(WHAT IS BEING ASKED)
Print out the data exactly, keeping every image out of it.

(DATA EXCERPT)
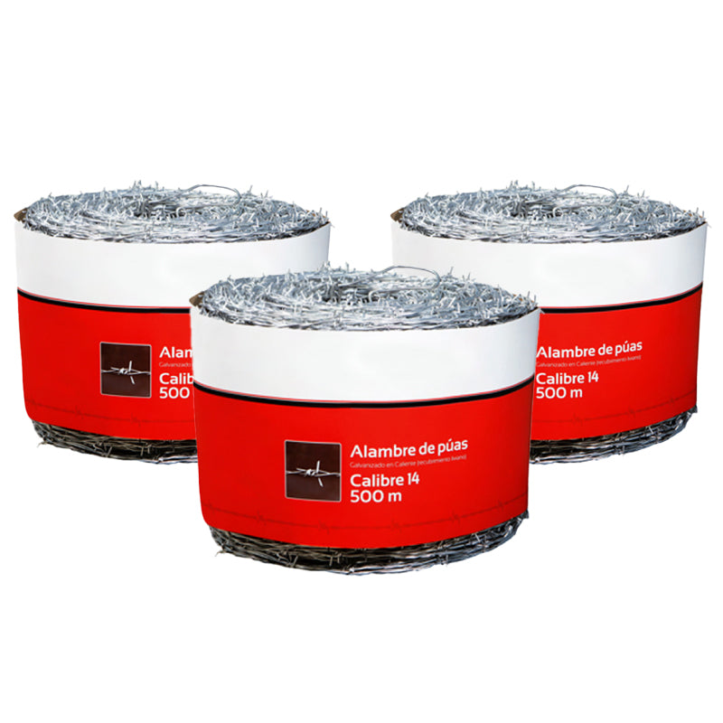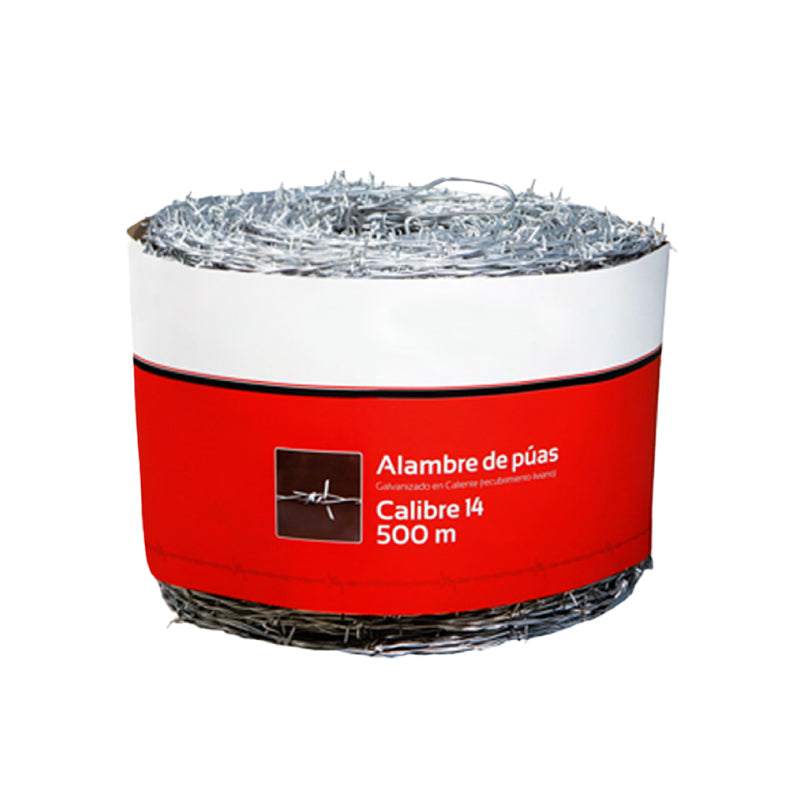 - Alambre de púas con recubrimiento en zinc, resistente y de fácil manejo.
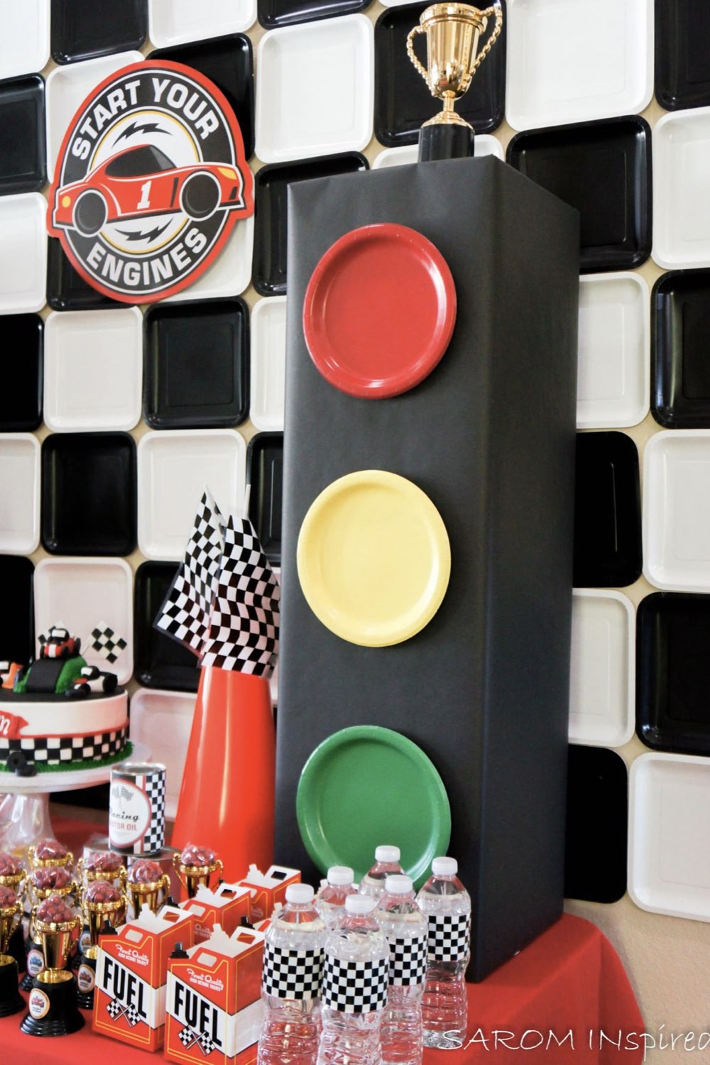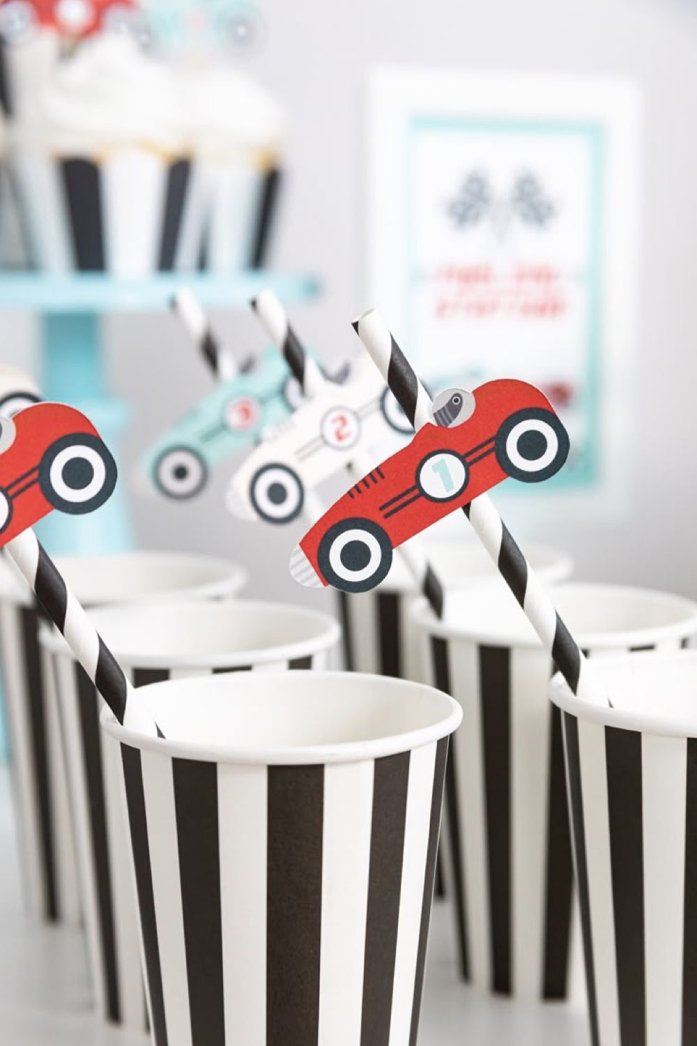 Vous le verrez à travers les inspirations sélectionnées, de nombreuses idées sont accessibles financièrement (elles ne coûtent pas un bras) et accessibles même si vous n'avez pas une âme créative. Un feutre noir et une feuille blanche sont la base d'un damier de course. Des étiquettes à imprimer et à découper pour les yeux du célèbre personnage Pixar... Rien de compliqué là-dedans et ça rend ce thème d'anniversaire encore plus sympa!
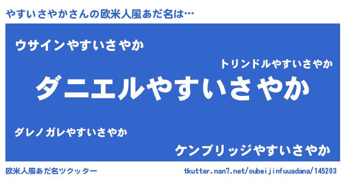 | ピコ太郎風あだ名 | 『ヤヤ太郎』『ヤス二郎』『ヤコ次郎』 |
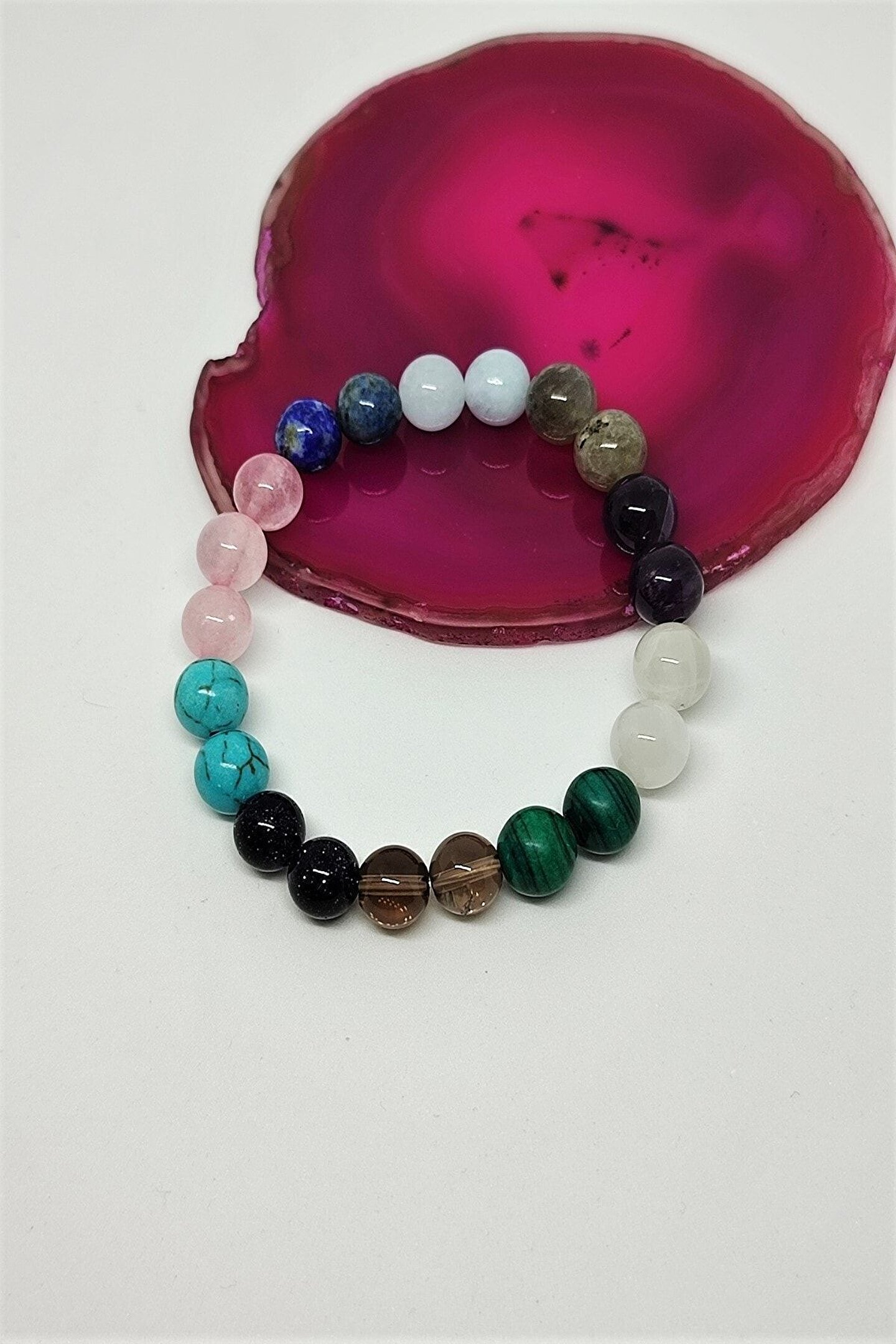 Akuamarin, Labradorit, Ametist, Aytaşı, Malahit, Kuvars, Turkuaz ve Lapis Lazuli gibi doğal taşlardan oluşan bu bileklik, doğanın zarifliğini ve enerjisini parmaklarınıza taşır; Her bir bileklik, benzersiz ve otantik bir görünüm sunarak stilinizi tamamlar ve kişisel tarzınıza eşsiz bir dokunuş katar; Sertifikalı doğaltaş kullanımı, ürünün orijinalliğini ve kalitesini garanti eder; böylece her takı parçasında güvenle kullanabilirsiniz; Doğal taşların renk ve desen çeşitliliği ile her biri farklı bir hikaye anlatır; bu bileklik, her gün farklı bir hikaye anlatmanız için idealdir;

(TASK RESPONSE)
 - Alambre de púas con recubrimiento en zinc, resistente y de fácil manejo.
 Vous le verrez à travers les inspirations sélectionnées, de nombreuses idées sont accessibles financièrement (elles ne coûtent pas un bras) et accessibles même si vous n'avez pas une âme créative. Un feutre noir et une feuille blanche sont la base d'un damier de course. Des étiquettes à imprimer et à découper pour les yeux du célèbre personnage Pixar... Rien de compliqué là-dedans et ça rend ce thème d'anniversaire encore plus sympa!
 | ピコ太郎風あだ名 | 『ヤヤ太郎』『ヤス二郎』『ヤコ次郎』 |
 Akuamarin, Labradorit, Ametist, Aytaşı, Malahit, Kuvars, Turkuaz ve Lapis Lazuli gibi doğal taşlardan oluşan bu bileklik, doğanın zarifliğini ve enerjisini parmaklarınıza taşır; Her bir bileklik, benzersiz ve otantik bir görünüm sunarak stilinizi tamamlar ve kişisel tarzınıza eşsiz bir dokunuş katar; Sertifikalı doğaltaş kullanımı, ürünün orijinalliğini ve kalitesini garanti eder; böylece her takı parçasında güvenle kullanabilirsiniz; Doğal taşların renk ve desen çeşitliliği ile her biri farklı bir hikaye anlatır; bu bileklik, her gün farklı bir hikaye anlatmanız için idealdir;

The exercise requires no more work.